Oral appliances used to date constitute a relatively heterogeneous group of devices for the treatment of sleep apnea and non-apneic snoring. It is this heterogeneity, which partly accounts for the variability in their benefit and side effects. Another reason for variability is the diverse methodology employed in different studies. The evidence available at present indicates that oral appliances successfully “cure” mild-to-moderate sleep apnea in 40–50% of patients, and significantly improve it in additional 10–20%. They reduce, but do not eliminate snoring. Side effects are common, but are relatively minor. Provided that the appliances are constructed by qualified dentists, 50–70% of patients continue to use them for several years. Their effectiveness is inferior to CPAP. It is similar to surgical procedures, but these are invasive, (although not particularly dangerous) and irreversible. The effect of oral appliances on the vascular consequences of sleep apnea is not known.

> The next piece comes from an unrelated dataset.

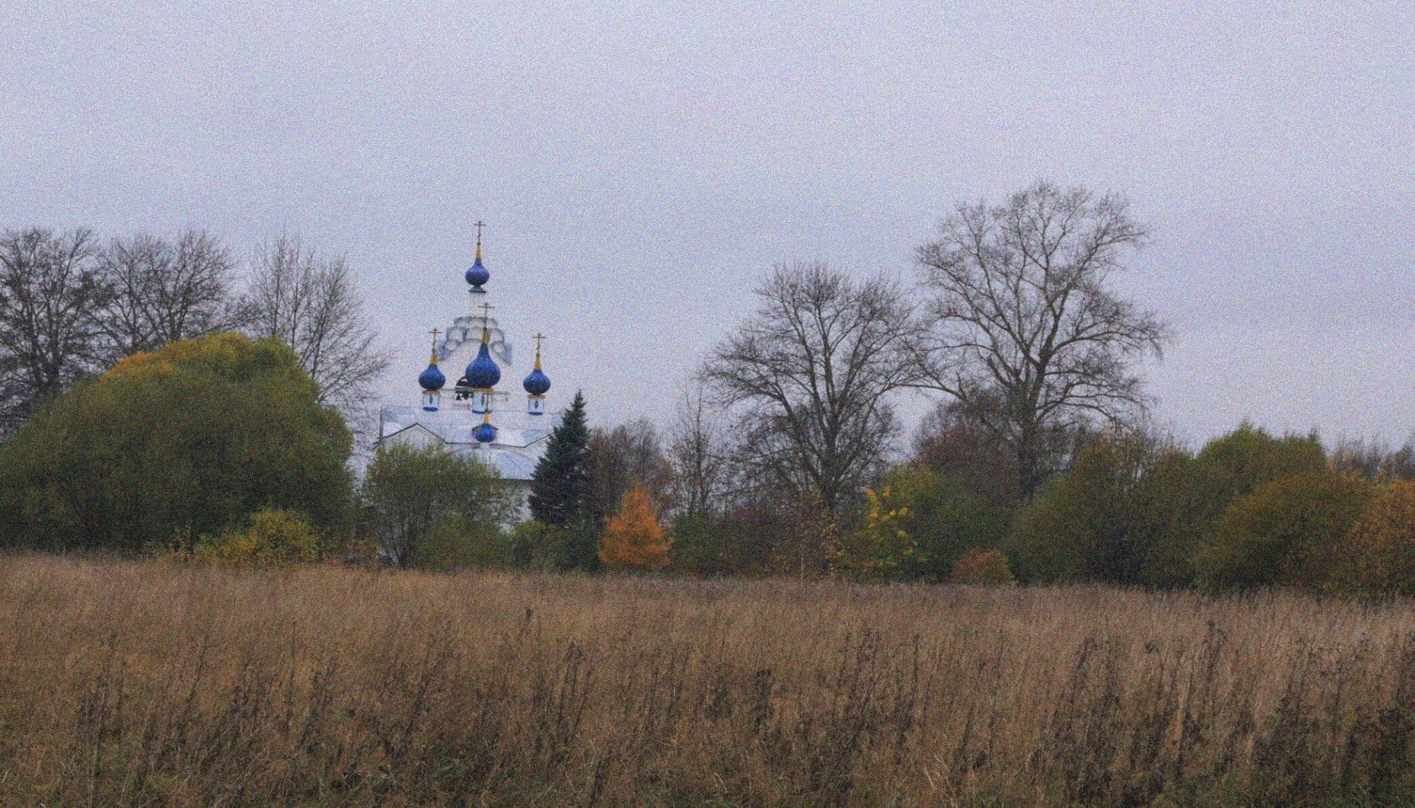 Церковь Николая Чудотворца является памятником русской православной архитектуры. Храм венчают синие купола, увенчанные злачёными крестами, символизирующими победу Господа нашего Иисуса Христа над смертью. Осеннее освещение мягко выделяет белые стены церкви на фоне окружающего пейзажа, создавая атмосферу умиротворения и тихой молитвенной радости.

The place of oral appliances in the spectrum of treatment options for apneic and non-apneic snorers was extensively discussed in various reviews and guidelines, including the most recent report by the American Academy of Sleep Medicine [124, 125]. The current review does not alter those conclusions. It simply illustrates the marked variability of individual responses to oral appliance therapy, and therefore the necessity to approach each patient on an individual basis. Patients with sleep apnea should be informed about all treatment options. In some cases, the decision is simple; after informing patients about all available options, a strong and clear recommendation can be given by the health care practitioner. In other cases, the decision regarding treatment is arrived at only after individual consideration of all the factors—urgency of clinical situation, reimbursement plan available to patient, risk factors and the patient’s ability or motivation to modify them, patient’s preferences, and a possibility of having a trial of treatment with oral appliance and CPAP. There are patients with severe sleep apnea successfully treated with oral appliances, just as there are non-apneic snorers with or without upper airway resistance syndrome, successfully treated with CPAP. The decision regarding treatment in each individual patient is best made by medical practitioners with experience in sleep medicine who are aware of all options, and who are preferably a part of a specialized sleep disorders center.

An important issue, not addressed in this review, is the underuse of oral appliances currently. This is due in part to the lack of qualified dentists working in this area and in part to reimbursement policies. At present, the majority of government-sponsored and private health care providers will cover (fully or partially) the cost of CPAP, whereas very few, if any, health care plans will cover the cost of oral appliances. Considering that this treatment approach is the only non-invasive alternative to CPAP, it is important to continue to lobby health care providers to enable this treatment for qualified patients.